Sai o chefe, entra o facilitador

Sai o chefe, entra o facilitador

Em 2011, após sua aquisição pelo grupo espanhol Iberdrola, a distribuidora de energia Elektro, com sede em Campinas, no interior paulista, deu início a uma revolução em sua liderança. Com o objetivo de tornar a gestão mais humana e aumentar o engajamento dos funcionários, a empresa percebeu que seria preciso trocar o modelo tradicional de liderança, com base em uma estrutura hierárquica e com decisões centralizadas, para chegar a um formato em que as pessoas se sentissem responsáveis pelos resultados. Para colocar esse conceito em prática, seria preciso mudar o perfil dos gestores da empresa. Líderes que antes davam ordens e estavam pouco disponíveis passaram a ter de se preocupar em explicar suas decisões e em conhecer os anseios dos subordinados. Na prática, a empresa trocou o perfil do chefe — alguém que tem uma posição de superioridade em relação às equipes e centraliza as decisões — pelo de um líder batizado de facilitador, cujo papel é organizar os vários times e se colocar à disposição deles para que os projetos sejam concluídos, e os resultados, alcançados. “Hoje, o líder não é mais o pilar, mas o óleo da engrenagem”, afirma Márcio Fernandes, presidente da Elektro. “O perfil antigo de liderança, em que manda quem pode e obedece quem tem juízo, não faz mais sentido para nós.” A nova cultura de liderança exigiu mudanças até na arquitetura dos escritórios, com a adoção de salas abertas para os gestores, para aproximá-los de sua equipe. Os líderes passaram por cursos em consultorias e ONGs para melhorar sua habilidade de comunicação e adotar uma postura mais aberta e humana.

Mas a mudança no modelo de gestão não aconteceu sem resistências.
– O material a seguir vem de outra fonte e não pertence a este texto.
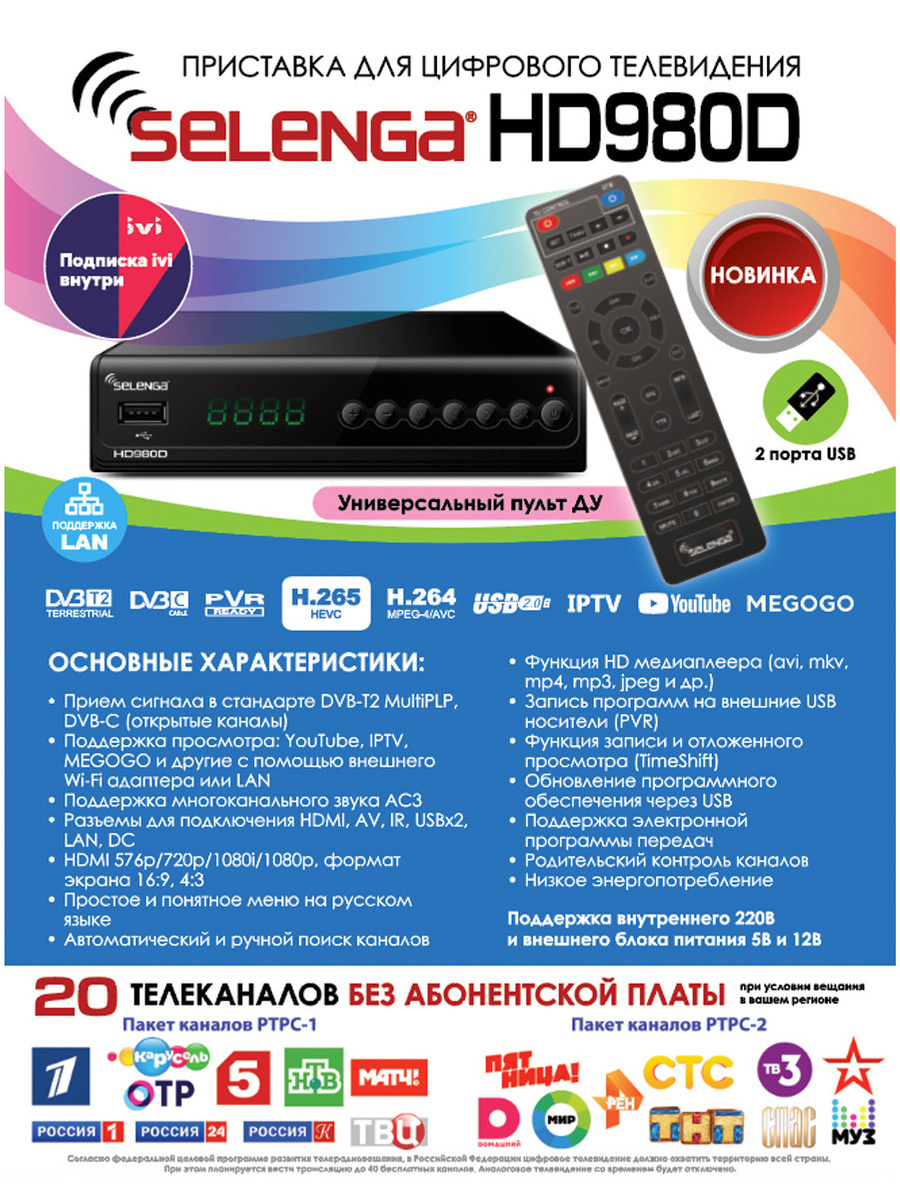 Цифровая приставка Selenga HD980D DVB-T2/C (H.265, LAN)
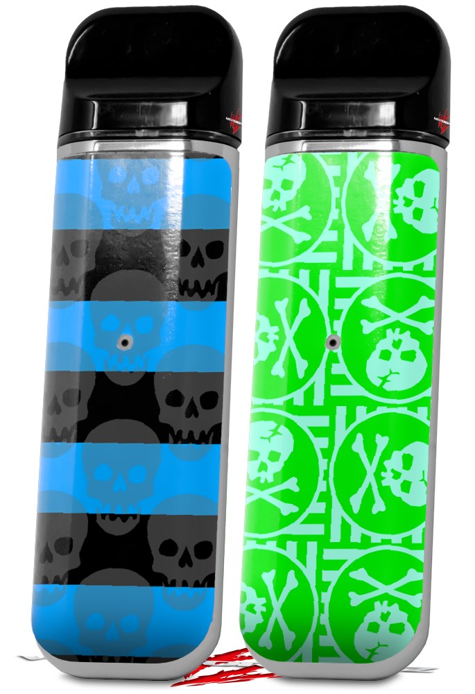 Skin Decal Wrap 2 Pack for Smok Novo v1 Skull Stripes Blue VAPE NOT INCLUDED
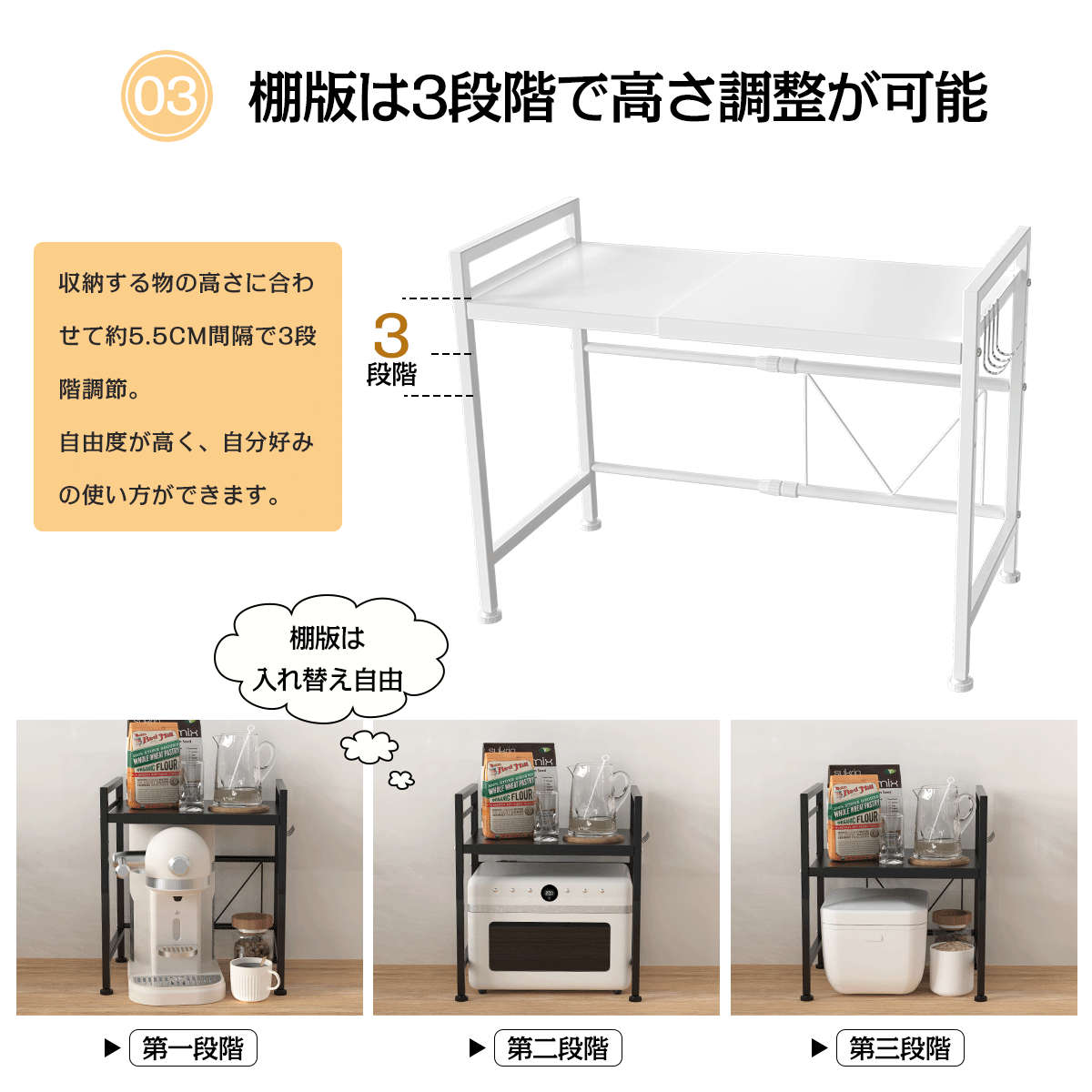 ポイント3 【棚版は3段階で高さ調整が可能】
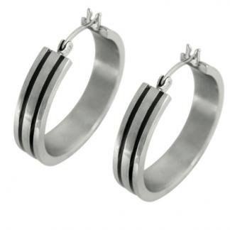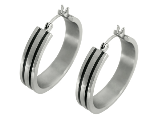 STAINLESS STEEL HUGGIE EARRING IN ROUND SHAPE WITH DOUBLE STRIP PATTERN IN IPB COLOR

Para ter uma ideia, em 2012, 54 de 220 líderes deixaram a organização. “Algumas pessoas não se adaptam a esse sistema”, afirma Fabrícia Lani de Abreu, diretora de RH da Elektro. “Aquelas que queriam se manter como ‘chefes’ preferiram sair.” Na Mercur, fabricante de revestimentos e produtos para educação e saúde, como itens de papelaria, bolsas térmicas e muletas, de Santa Cruz do Sul, no Rio Grande do Sul, a necessidade de mudar veio após uma profunda revisão dos valores e da cultura da companhia, um processo
iniciado em 2009. “Nosso foco mudou de uma busca frenética por resultados financeiros para atitudes focadas em gente”, afirma Jorge Hoelzel Neto, do conselho de administração da Mercur. Fazer essa mudança exigiu decisões corajosas, como deixar de fornecer produtos para as indústrias do álcool e do jogo e adotar um modelo de gestão horizontal, em que o líder não fica num patamar superior, mas envolve as pessoas nas decisões e ajuda as equipes a trabalhar de forma integrada. “Quando você coloca os líderes como facilitadores, os funcionários se tornam protagonistas”, diz João Vogt, gestor de projetos da Mercur. “Isso muda toda a lógica do trabalho.” A exemplo do que ocorreu na Elektro, boa parte dos líderes não se adaptou. De sete diretores, apenas dois quiseram permanecer
depois do novo formato. “Perdemos aqueles que estavam acostumados a
mandar”, afirma Jorge Hoelzel Neto.

Tempo de resposta
Embora os motivos que geram a mudança no modelo de liderança variem
segundo a empresa, o contexto que as explica é o mesmo. As companhias
sentem necessidade de reduzir o tempo de resposta para o mercado — e vêm percebendo que os processos não fluem rapidamente em estruturas rígidas e verticalizadas. A inspiração para o novo modelo vem das empresas
de tecnologia, cujas equipes são compostas de pessoal qualificado e organizadas numa estrutura horizontal, em que o conhecimento se complementa e o líder responsável varia conforme o tipo de projeto.

O novo perfil de liderança também é uma adaptação à sociedade atual em que os profissionais são mais questionadores e exigem uma liderança mais aberta e participativa. “Algo incompatível com a liderança tradicional, em que o poder fica concentrado em poucas pessoas”, diz Fabrícia, do RH da Elektro. Para Rafael Souto, presidente da Produtive, consultoria de planejamento e transição de carreira, de São Paulo, os profissionais que não se adaptarem a esse modelo perderão boas chances de emprego, já que nas empresas mais inovadoras não há espaço para gestores autoritários. “É uma exigência do mercado atual”, diz Rafael.